Design and conduct of an ethical yet informative study in this special population can be challenging. Capturing changes in PK during pregnancy may be complicated due to practical difficulties such as limited recruitment of subjects, limited numbers of feasible blood samples or sampling occasions. When designing and analyzing a clinical study, ideally pregnancy should not be treated as a dichotomous covariate, since changes in physiological parameters and PK are continuous. Moreover, the combination of small sample sizes and large inter- and intra-patient variability in PK parameters may further complicate the detection of significant changes in PK parameters during pregnancy.
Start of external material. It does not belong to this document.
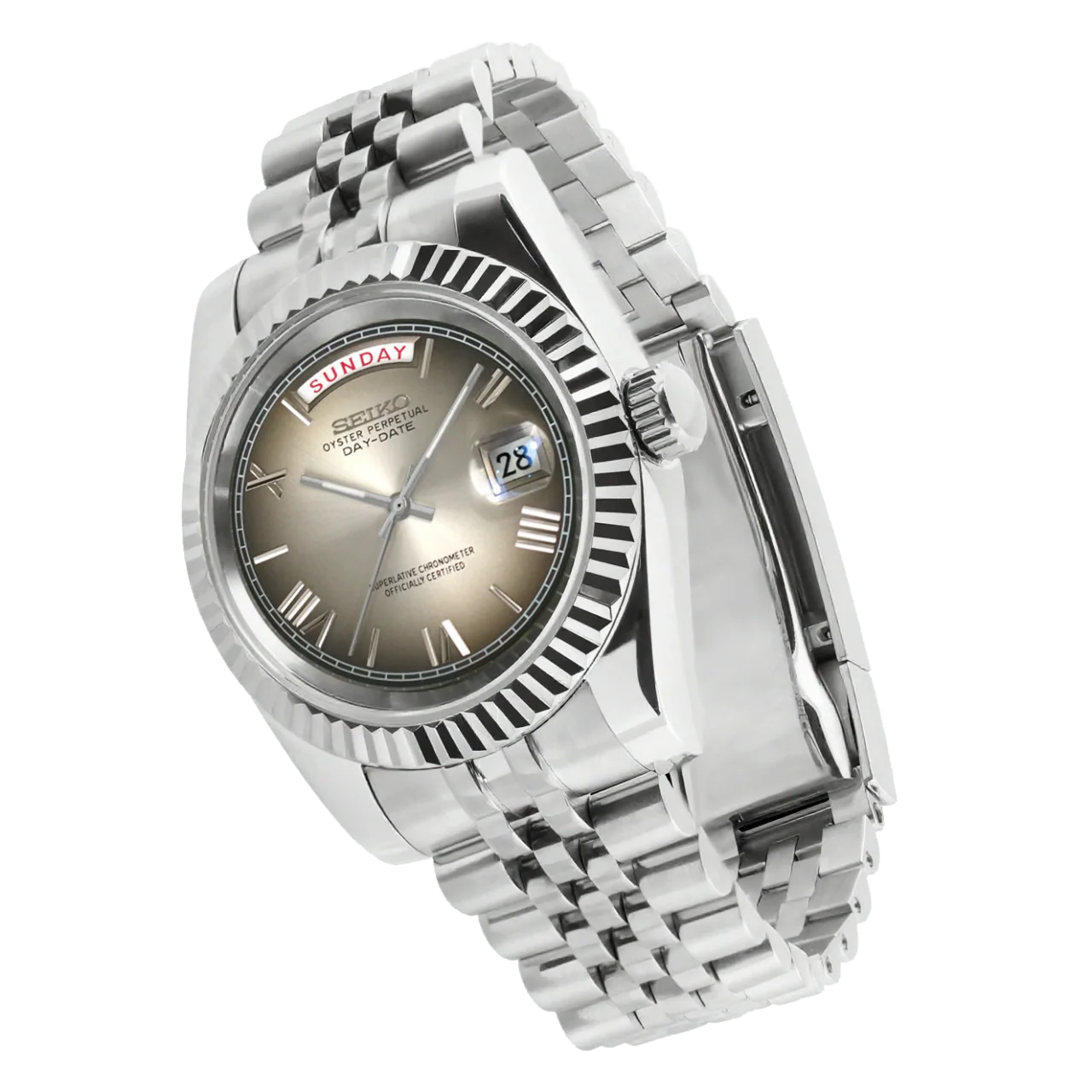The Mod Day-Date Reimagined embodies classic prestige reshaped through modern craftsmanship. Built from 904L stainless steel, its 40 mm case and fluted bezel echo timeless sophistication while expressing a new kind of confidence — refined yet unmistakably contemporary.

As illustrated in the case examples covered during the ACoP session, pharmacometric approaches such as optimal design [56
] or simulation studies may be used to support design of informative studies in this vulnerable population in various ways. These include sparse sampling designs, leveraging of physiological data to quantify anticipated changes in PK, conducting the trial in silico
before its execution in vivo
, and the overall evaluation of potential study designs for their likelihood of quantifying the (changes in) PK parameters of interest. All these approaches generate information or hypotheses that can be rigorously tested as data become available from controlled experiments. As clinical studies have been performed, these data may also be used to evaluate or validate the performance of developed models and further improve these models based on observed data.
Relevant methods available for analyzing PK studies were briefly discussed, each with their own benefits and drawbacks. It is important to consider carefully an appropriate method, or combination of methods, specific to the question to be answered. Semi-physiological approaches may sometimes be considered, offering benefits of both PPK and PBPK methods. Further advances in PBPK models are expected to be useful in further exploration of both maternal and fetal exposure in silico. Increased understanding of maternal-fetal transport processes and gestationally-induced changes in drug metabolism and transport would be especially helpful in improving the utility of PBPK models.
Optimizing drug treatment in (pregnant) patients is related ultimately to observed variability within and between patients, both in PK and PD. Such variations are the sum of the interplay between difference in physiological changes during pregnancy and other causes such as differences in metabolism (e.g. pharmacogenetic variation), patient compliance or obesity. The multitude of factors influencing PK and PD complicates the assessment of changes in the pharmacology of drugs during pregnancy.
The session and this review focused on changes in PK in the pregnant women. Post partum changes in maternal PK were not specifically discussed, but should ideally also be investigated in any clinical study aiming to investigate changes in PK during pregnancy, as it is not expected that PK will change back to the non-pregnant baseline instantaneously. Another subject which was discussed in this review was assessment of fetal exposure through the placenta and drug exposure through breast milk. However, as indicated, PBPK methods would be expected to be the most appropriate methodology to provide quantitative predictions for these events.
We discussed the specific challenges related to the design, conduct and analysis of clinical studies in pregnant women, underlining the unmet need for pharmacometric analysis approaches and examples of impact to date. There have been significant developments in pharmacometric models over the past three decades, as well as increased understanding of the profound physiological changes which occur during pregnancy. The pharmacometric approaches discussed allow design and analysis of more informative studies. However, effective application of pharmacometric methods is dependent on interdisciplinary expertise and collaboration, in order ultimately to support the improvement in care for pregnant women and their offspring.